Jury Finds Coca Cola’s Pomegranate Beverage Did Not Mislead Consumers

March 25, 2016

Authored and Edited by Jonathan D. Uffelman; Naresh Kilaru; Julia Anne Matheson

On March 21, 2016, a California jury ended POM Wonderful’s long-running $77 million Lanham Act suit against The Coca Cola Company, finding Coca Cola did not falsely advertise its Minute Maid pomegranate juice.

In 2008, POM filed suit against Coca Cola claiming that Coca Cola unfairly capitalized on POM’s research on the health benefits of pomegranate juice and engaged in false advertising in the marketing of Coca Cola’s Minute Maid pomegranate juice. In particular, POM alleged that Coca Cola falsely represented to consumers that the primary ingredients in Minute Maid were pomegranate and blueberry juice when, in reality, the product was more than 99% apple and grape juice. In particular, POM argued that the Minute Maid packaging was misleading because it displayed the words “Pomegranate Blueberry” in larger, more prominent font than “Flavored Blend Of Five Juices,” and also emphasized the depiction of a pomegranate in the label’s representation of five fruits. Further contributing to the consumer deception, according to POM, was the fact that Coca Cola allegedly colored its drink to look like pomegranate juice.

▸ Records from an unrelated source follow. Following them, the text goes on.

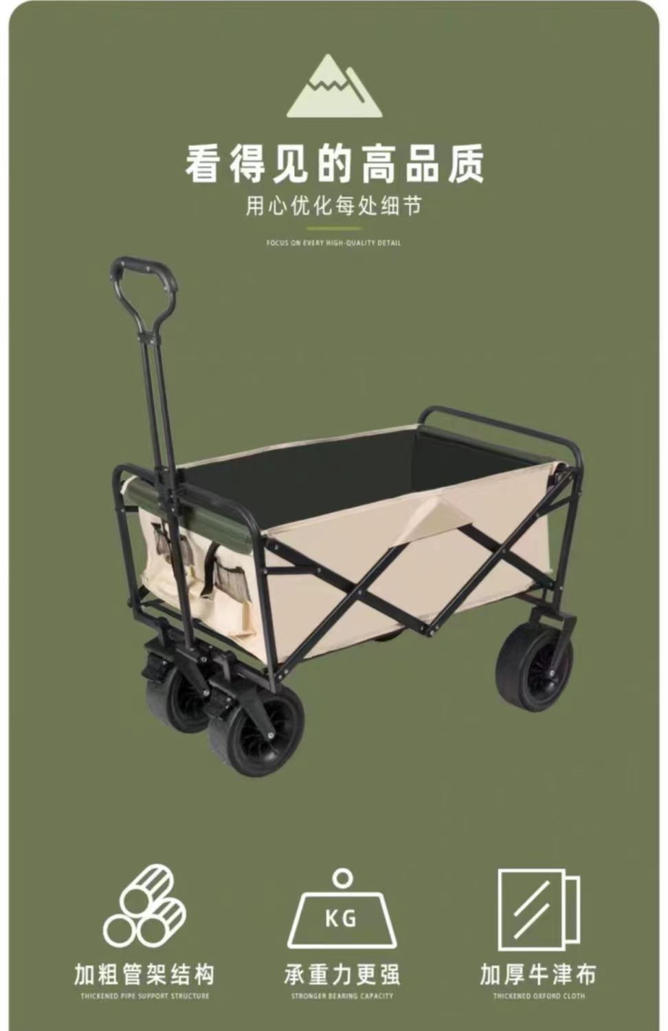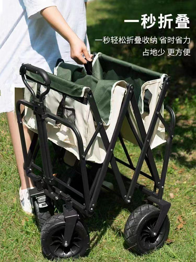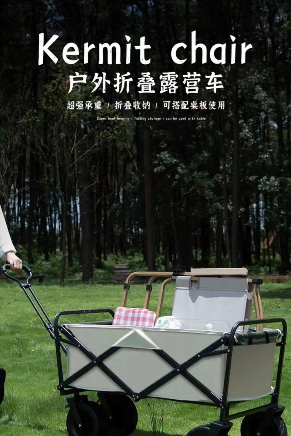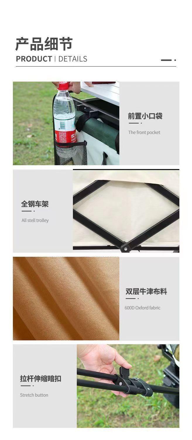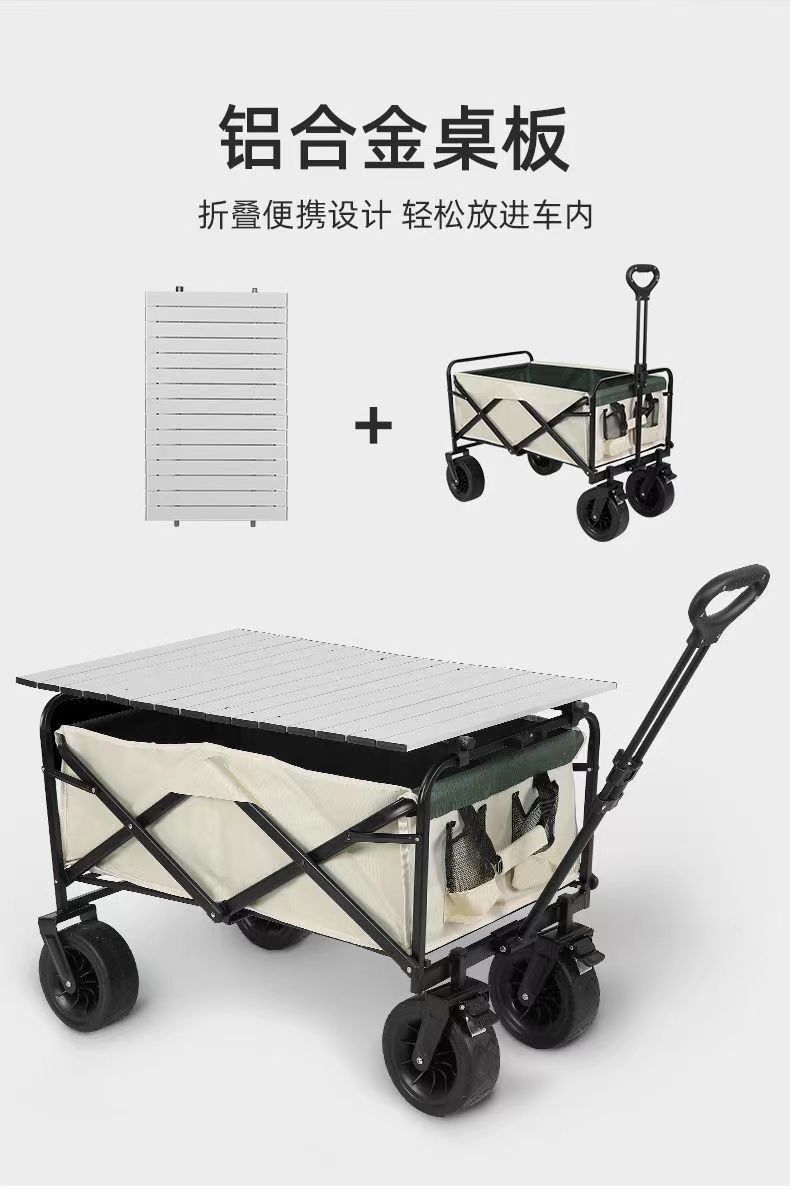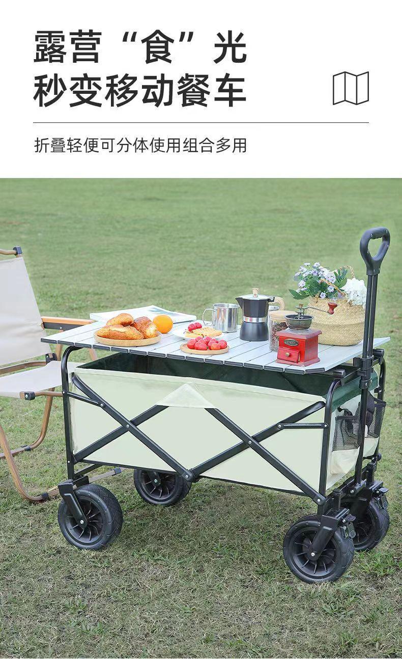 Carro de camping plegable para exteriores, carrito de picnic con empuje manual, remolque de campamento, barra de tracción, carrito de tracción pequeño, mesa, tablero, carro de camping transfronterizo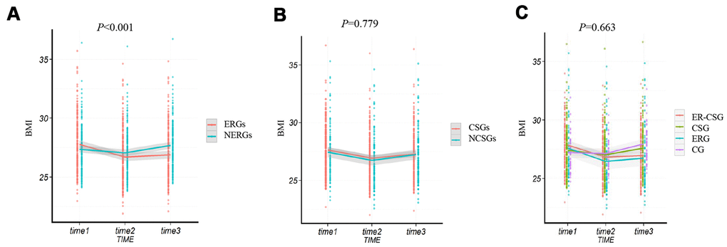 After the dietary energy restriction, the dietary alteration in the ERGs and NERGs are presented in Supplementary Table 1. In comparison to the dietary information at baseline, participants in the ERGs had lower intakes of rice, wheat, potato, beans, livestock, poultry, eggs, snack, and micronutrients (carbohydrate, protein, lipid), while had higher intakes of vegetables and fruits. The ERGs had an average decreased energy intake of 492 kcal/d (23%) after the 2-year intervention. However, compared to baseline, the NERGs had higher intakes of wheat, potato, beans, livestock, poultry, fish, snack, carbohydrate, and had an average increased energy intake of 106 kcal/d (5%) after the intervention. After the 2 years dietary intervention, the ΔBMI (body mass index) in the ERGs showed a significant decrease (-0.9 kg/m2, P <0.001, Figure 2A), compared to the NERGs (0.3 kg/m2). Whereas, no significant difference of ΔBMI was observed between the CSGs and NCSGs (-0.3 kg/m2 vs -0.2 kg/m2, P=0.779, Figure 2B). In addition, the ΔBMI in the CG, ERG, CSG, and ER-CSG was 0.7 kg/m2, -0.9kg/m2, 0.2 kg/m2 and -1kg/m2, respectively. The four intervention models had no significant difference in ΔBMI (P=0.663, Figure 2C).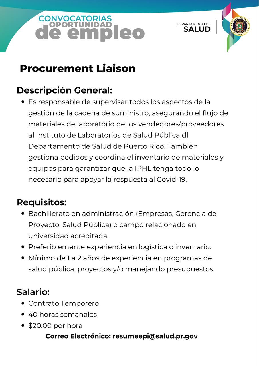 - Convocatoria: RECRUITMENT NOTICE - The Immunization Program requires the recruitment of temporary personnel for the following positions: IIS HELP DESK: Fecha límite jueves 30 de junio 2022(CERRADA)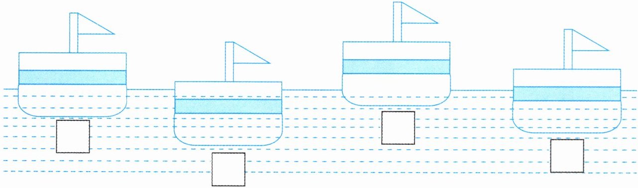 5. 哪艘船上的货物最重?画“√”;哪艘船上的货物最轻?画“×”。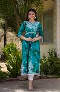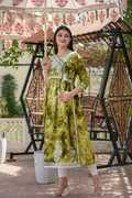 anushansa Women Chikan Embroidery Flared Kurta (Light Green)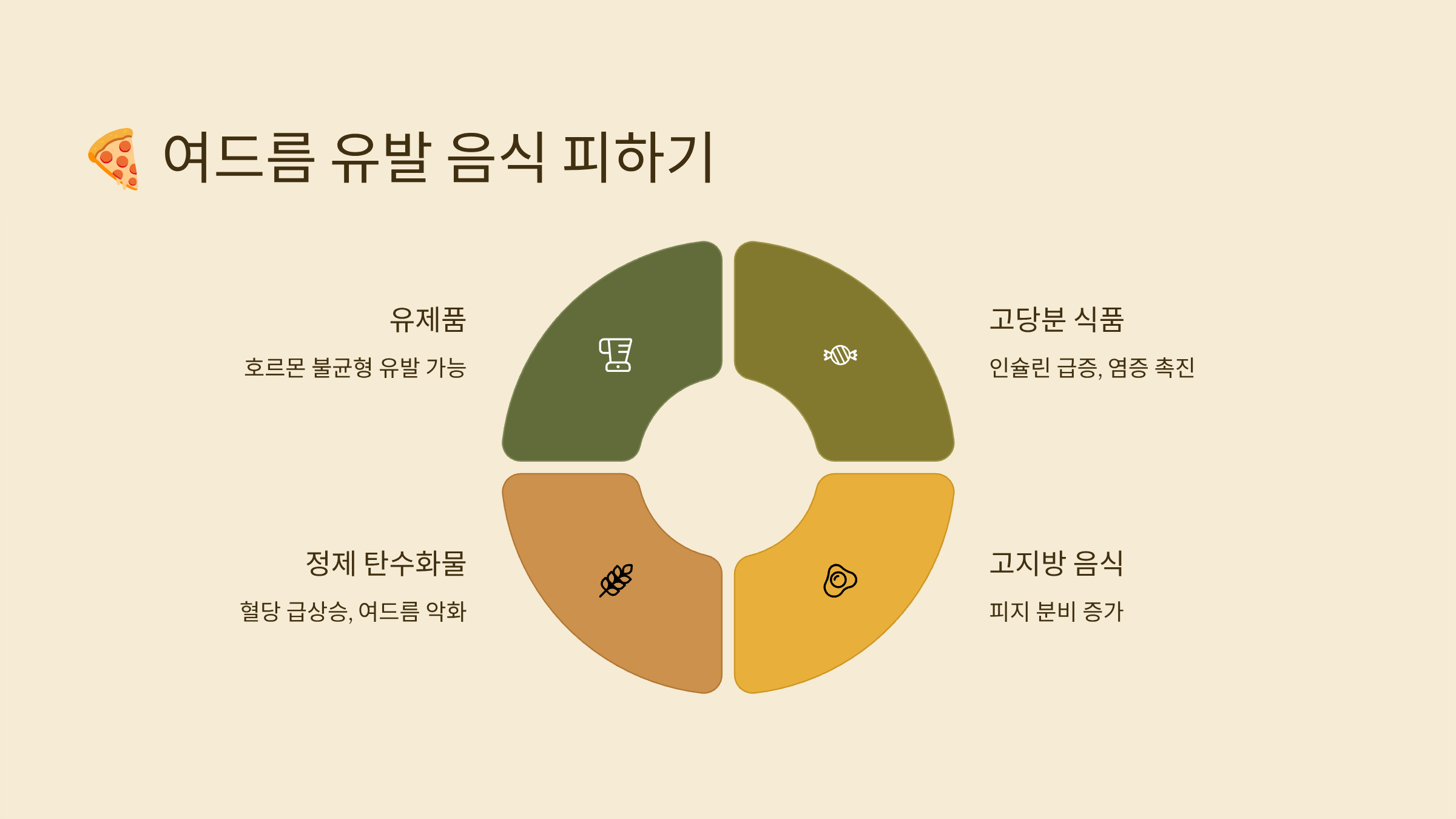 | 고당분 섭취 | 피지 분비 증가 → 여드름 악화 |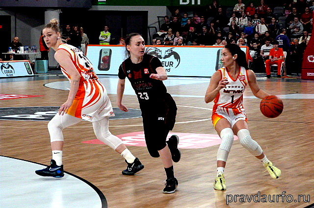 Баскетболистки УГМК одержали очередную победу в чемпионате Премьер-лиги. На домашней арене подопечные Дмитрия Донскова взяли верх над одним из аутсайдеров сезона – «Спартой энд К» из Видного. Однако игра сложилась для хозяек паркета тяжело. Совсем недавно, 19 октября, команды встречались в Подмосковье. Тогда БК УГМК не испытал особых проблем, обыграв «спартанок» с разницей в 31 очко и добравшись до трехзначного рубежа по набранным баллам. Новое противостояние началось не по сценарию екатеринбурженок, игравших, к слову, без Йованы Ногич и Евы Лисец . К началу 3-й минуты на табло значился счет 2:8, причем 4 балла гостьям принесла Софья Люлина. Действующие чемпионки понемногу разыгрались, при этом роль лидера на себя взяла Жосселина Майга. БК УГМК даже вырвался вперед, но в концовке пара точных трехочковых от Светланы Крамар обеспечили подмосковной команде лидерство по итогам десятиминутки – 22:25. Во второй четверти ситуация на площадке стала меняться. Игровой перевес перешел к «лисицам»

Cocal Color Pomegranate Beverage

For purposes of establishing damages, POM asserted that three months after Coca Cola released its pomegranate juice, POM saw its product knocked out of the number-one pomegranate beverage slot, and after Coca Cola’s product was taken off the market, POM’s sales increased again.

At trial, Coca Cola focused on three themes. First, it argued that its pomegranate juice was clearly and properly labeled as a “flavored blend” in compliance with FDA requirements. According to Coca Cola, consumers understand that, like other products, its pomegranate juice has a taste that isn’t necessarily produced by a dominant ingredient.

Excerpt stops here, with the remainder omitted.